(TASK PROMPT) The lines to return are those from the line holding "Load all layers" through the last line of the entries below, both included, written exactly and without pictures.

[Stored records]

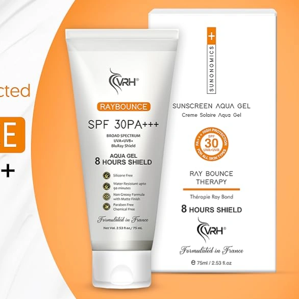 VRH Ultra Light Sunscreen Aqua Gel SPF 30 | Vitamin C + Aloe Vera + Vitamin E | Blocks UVA/UVB & Harmful Sun Rays | Provides Deep Hydration & Nourishment | Leaves No White Cast & Non Greasy (75ml)
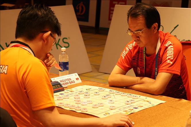 Ngày 14/5/2022, tại Khu du lịch nghỉ dưỡng Lagecy Yên Tử (thành phố Uông Bí, tỉnh Quảng Ninh), 2 VĐV Lại Lý Huynh và Nguyễn Thành Bảo của đội tuyển Cờ Tướng Việt Nam tại SEA Games 31 đã giành huy chương Vàng nội dung Đồng đội nam cờ nhanh. Ảnh: Hoàng Ngọc - TTXVN
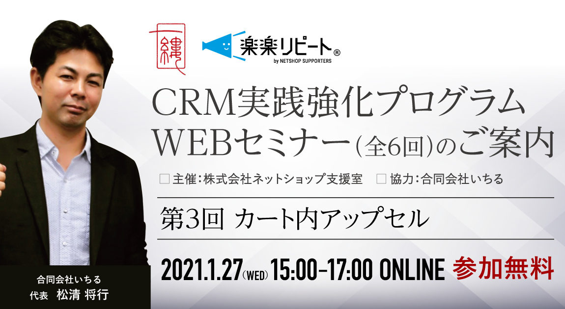 今回、そういった状況を憂慮された、他のECカートユーザーなどの俯瞰した情報や具体的知見をお持ちの「日本唯一無二のCRM専門コンサルタント」合同会社いちるの松清代表のお力をお借りして、30万円相当の「CRM実践強化プログラム」WEBセミナー(全6回)をなんと完全無償にて実施させていただく運びとなりました。
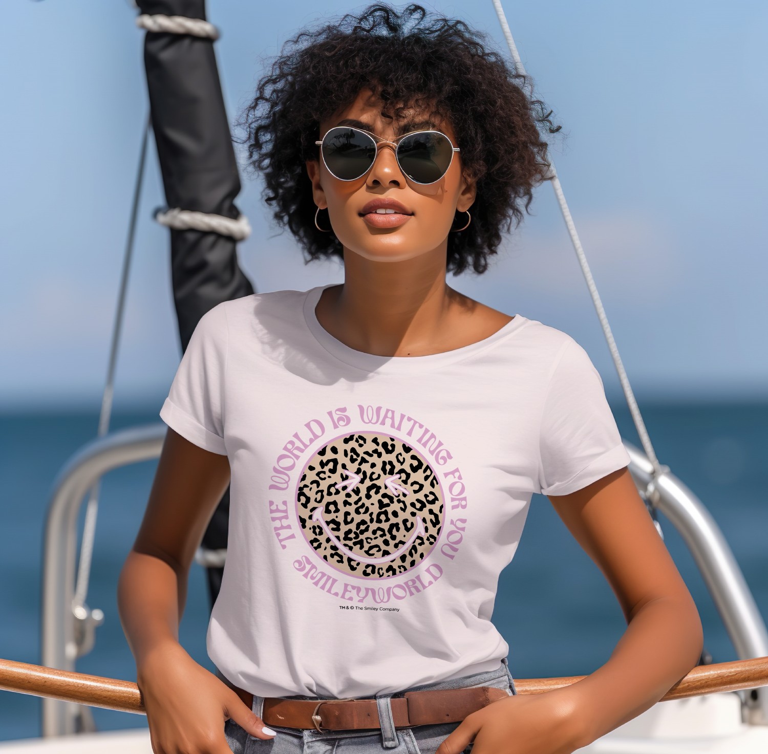 T-shirt femme Smiley World avec un design de Smiley World The World Is Waiting For You
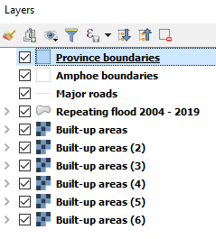 Load all layers into QGIS and arrange them as image (1). Because the global raster dataset is sliced into smaller tiles (by the provider), Thailand consists of 6 of them (the order among these tiles in our workspace doesn’t matter). It is possible to merge 6 rasters into 1, you can follow the instruction here. - Visualize built-up area layers (raster) (see image (2))
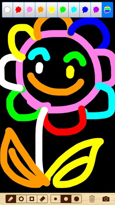 描ける色は9色から選んだりランダムに色を変えたりできるからカラフルな絵が描ける
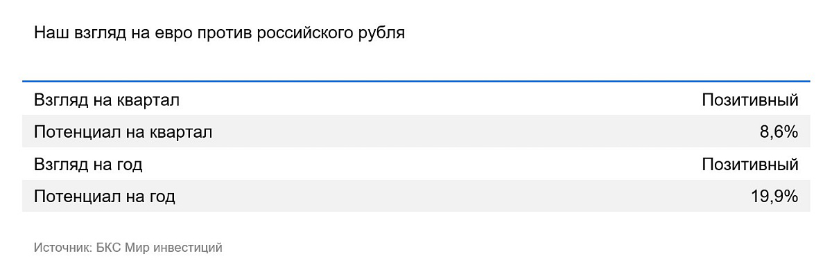 Мы полагаем, что укрепление евро к рублю будет одним из самых больших среди наших валютных пар, поскольку слабость рубля будет сопровождать некоторое укрепление евро.

(SOLUTION TO THE EXERCISE)
 Load all layers into QGIS and arrange them as image (1). Because the global raster dataset is sliced into smaller tiles (by the provider), Thailand consists of 6 of them (the order among these tiles in our workspace doesn’t matter). It is possible to merge 6 rasters into 1, you can follow the instruction here. - Visualize built-up area layers (raster) (see image (2))
 描ける色は9色から選んだりランダムに色を変えたりできるからカラフルな絵が描ける
 Мы полагаем, что укрепление евро к рублю будет одним из самых больших среди наших валютных пар, поскольку слабость рубля будет сопровождать некоторое укрепление евро.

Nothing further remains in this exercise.